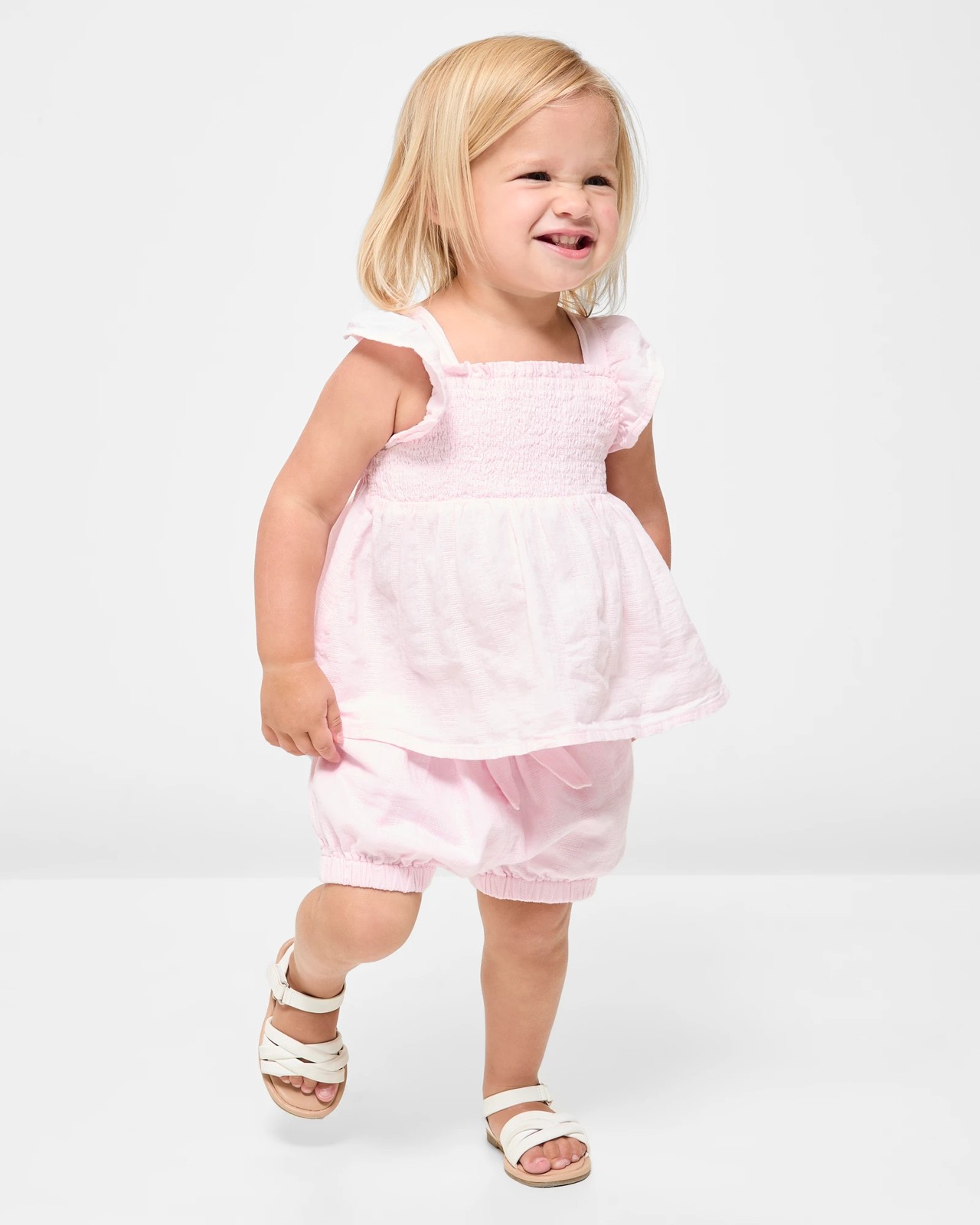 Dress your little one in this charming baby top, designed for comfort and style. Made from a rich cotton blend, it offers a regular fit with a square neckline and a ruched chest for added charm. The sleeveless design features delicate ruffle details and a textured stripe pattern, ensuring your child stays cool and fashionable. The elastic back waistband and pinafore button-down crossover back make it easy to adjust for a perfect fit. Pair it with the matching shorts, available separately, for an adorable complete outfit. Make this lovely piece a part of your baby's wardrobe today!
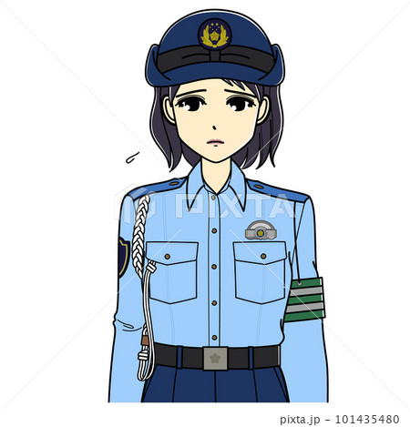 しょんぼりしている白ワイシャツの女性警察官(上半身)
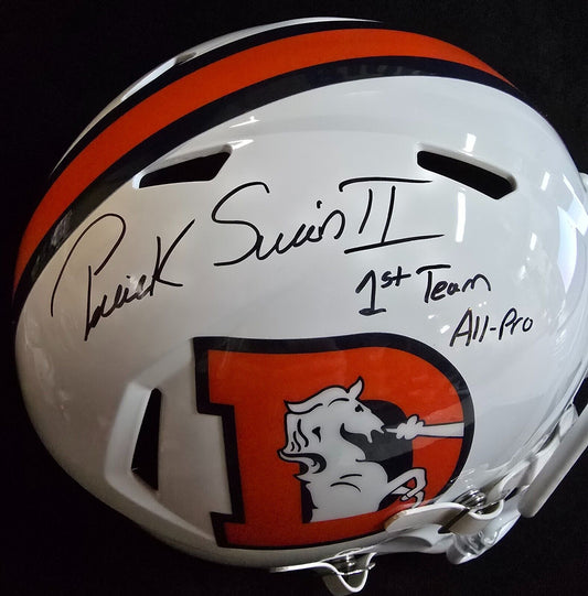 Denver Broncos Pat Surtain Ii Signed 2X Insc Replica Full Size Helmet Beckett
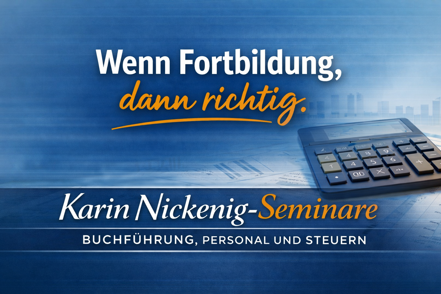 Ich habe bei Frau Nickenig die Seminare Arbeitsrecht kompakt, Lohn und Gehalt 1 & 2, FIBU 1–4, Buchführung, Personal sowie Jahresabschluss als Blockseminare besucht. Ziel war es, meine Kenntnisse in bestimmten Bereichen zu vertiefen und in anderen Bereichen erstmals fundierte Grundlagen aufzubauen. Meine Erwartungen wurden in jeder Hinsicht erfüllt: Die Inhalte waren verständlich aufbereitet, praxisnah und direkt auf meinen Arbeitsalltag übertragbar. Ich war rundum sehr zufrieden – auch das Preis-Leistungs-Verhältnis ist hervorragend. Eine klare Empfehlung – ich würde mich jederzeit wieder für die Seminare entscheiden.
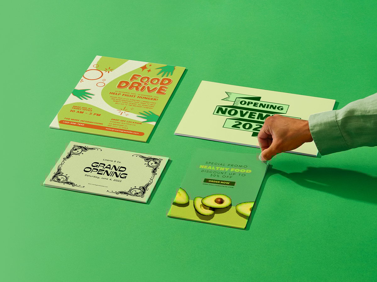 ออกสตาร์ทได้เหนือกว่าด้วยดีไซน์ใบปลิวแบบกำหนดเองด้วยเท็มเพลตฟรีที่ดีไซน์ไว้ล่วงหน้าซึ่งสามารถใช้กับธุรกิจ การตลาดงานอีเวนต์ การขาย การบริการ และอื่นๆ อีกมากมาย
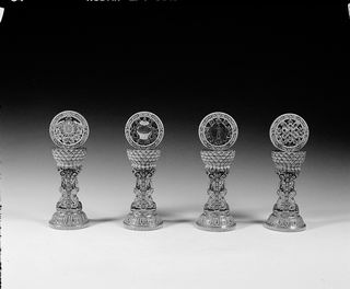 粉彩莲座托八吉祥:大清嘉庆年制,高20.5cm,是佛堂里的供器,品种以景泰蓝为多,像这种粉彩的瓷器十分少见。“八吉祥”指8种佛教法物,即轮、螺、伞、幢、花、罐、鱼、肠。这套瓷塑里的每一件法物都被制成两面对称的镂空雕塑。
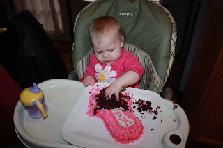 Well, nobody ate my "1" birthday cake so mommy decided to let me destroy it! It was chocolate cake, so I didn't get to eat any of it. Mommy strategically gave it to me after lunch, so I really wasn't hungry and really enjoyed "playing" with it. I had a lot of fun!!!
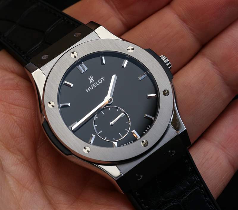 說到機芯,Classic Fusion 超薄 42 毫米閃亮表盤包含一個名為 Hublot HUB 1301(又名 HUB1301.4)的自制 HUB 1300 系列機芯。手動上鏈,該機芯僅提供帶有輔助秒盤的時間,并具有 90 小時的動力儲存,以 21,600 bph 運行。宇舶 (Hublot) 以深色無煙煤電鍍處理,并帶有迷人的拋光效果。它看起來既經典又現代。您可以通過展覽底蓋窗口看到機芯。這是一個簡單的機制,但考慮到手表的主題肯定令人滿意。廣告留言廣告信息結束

+ + +

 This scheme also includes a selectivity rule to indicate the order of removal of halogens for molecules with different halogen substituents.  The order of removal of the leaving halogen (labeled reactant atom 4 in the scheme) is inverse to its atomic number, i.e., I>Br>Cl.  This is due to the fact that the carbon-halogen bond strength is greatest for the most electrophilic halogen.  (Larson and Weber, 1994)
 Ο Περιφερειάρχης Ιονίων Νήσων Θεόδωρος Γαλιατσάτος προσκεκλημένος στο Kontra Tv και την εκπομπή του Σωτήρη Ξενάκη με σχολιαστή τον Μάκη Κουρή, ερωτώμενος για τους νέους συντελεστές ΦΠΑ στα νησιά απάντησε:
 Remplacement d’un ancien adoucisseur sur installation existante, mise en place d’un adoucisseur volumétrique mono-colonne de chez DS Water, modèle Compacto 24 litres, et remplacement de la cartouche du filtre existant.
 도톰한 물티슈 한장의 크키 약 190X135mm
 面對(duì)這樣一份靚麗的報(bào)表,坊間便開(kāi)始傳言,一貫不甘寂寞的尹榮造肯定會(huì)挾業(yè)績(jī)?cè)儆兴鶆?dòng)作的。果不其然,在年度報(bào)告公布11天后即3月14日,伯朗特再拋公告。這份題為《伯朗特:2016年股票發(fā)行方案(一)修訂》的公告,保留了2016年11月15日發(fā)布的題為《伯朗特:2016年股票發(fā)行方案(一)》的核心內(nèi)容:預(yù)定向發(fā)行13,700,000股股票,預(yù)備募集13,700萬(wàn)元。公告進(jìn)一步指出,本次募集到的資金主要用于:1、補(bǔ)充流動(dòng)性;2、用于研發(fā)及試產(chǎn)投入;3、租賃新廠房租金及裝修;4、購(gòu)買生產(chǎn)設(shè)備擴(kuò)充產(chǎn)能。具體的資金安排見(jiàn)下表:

+ + +

In the data above, find the line containing "Dress your little" and the line containing "說到機芯,Classic Fusion 超薄". Repeat those two lines and everything between them exactly, minus the pictures.

Solution:
 Dress your little one in this charming baby top, designed for comfort and style. Made from a rich cotton blend, it offers a regular fit with a square neckline and a ruched chest for added charm. The sleeveless design features delicate ruffle details and a textured stripe pattern, ensuring your child stays cool and fashionable. The elastic back waistband and pinafore button-down crossover back make it easy to adjust for a perfect fit. Pair it with the matching shorts, available separately, for an adorable complete outfit. Make this lovely piece a part of your baby's wardrobe today!
 しょんぼりしている白ワイシャツの女性警察官(上半身)
 Denver Broncos Pat Surtain Ii Signed 2X Insc Replica Full Size Helmet Beckett
 Ich habe bei Frau Nickenig die Seminare Arbeitsrecht kompakt, Lohn und Gehalt 1 & 2, FIBU 1–4, Buchführung, Personal sowie Jahresabschluss als Blockseminare besucht. Ziel war es, meine Kenntnisse in bestimmten Bereichen zu vertiefen und in anderen Bereichen erstmals fundierte Grundlagen aufzubauen. Meine Erwartungen wurden in jeder Hinsicht erfüllt: Die Inhalte waren verständlich aufbereitet, praxisnah und direkt auf meinen Arbeitsalltag übertragbar. Ich war rundum sehr zufrieden – auch das Preis-Leistungs-Verhältnis ist hervorragend. Eine klare Empfehlung – ich würde mich jederzeit wieder für die Seminare entscheiden.
 ออกสตาร์ทได้เหนือกว่าด้วยดีไซน์ใบปลิวแบบกำหนดเองด้วยเท็มเพลตฟรีที่ดีไซน์ไว้ล่วงหน้าซึ่งสามารถใช้กับธุรกิจ การตลาดงานอีเวนต์ การขาย การบริการ และอื่นๆ อีกมากมาย
 粉彩莲座托八吉祥:大清嘉庆年制,高20.5cm,是佛堂里的供器,品种以景泰蓝为多,像这种粉彩的瓷器十分少见。“八吉祥”指8种佛教法物,即轮、螺、伞、幢、花、罐、鱼、肠。这套瓷塑里的每一件法物都被制成两面对称的镂空雕塑。
 Well, nobody ate my "1" birthday cake so mommy decided to let me destroy it! It was chocolate cake, so I didn't get to eat any of it. Mommy strategically gave it to me after lunch, so I really wasn't hungry and really enjoyed "playing" with it. I had a lot of fun!!!
 說到機芯,Classic Fusion 超薄 42 毫米閃亮表盤包含一個名為 Hublot HUB 1301(又名 HUB1301.4)的自制 HUB 1300 系列機芯。手動上鏈,該機芯僅提供帶有輔助秒盤的時間,并具有 90 小時的動力儲存,以 21,600 bph 運行。宇舶 (Hublot) 以深色無煙煤電鍍處理,并帶有迷人的拋光效果。它看起來既經典又現代。您可以通過展覽底蓋窗口看到機芯。這是一個簡單的機制,但考慮到手表的主題肯定令人滿意。廣告留言廣告信息結束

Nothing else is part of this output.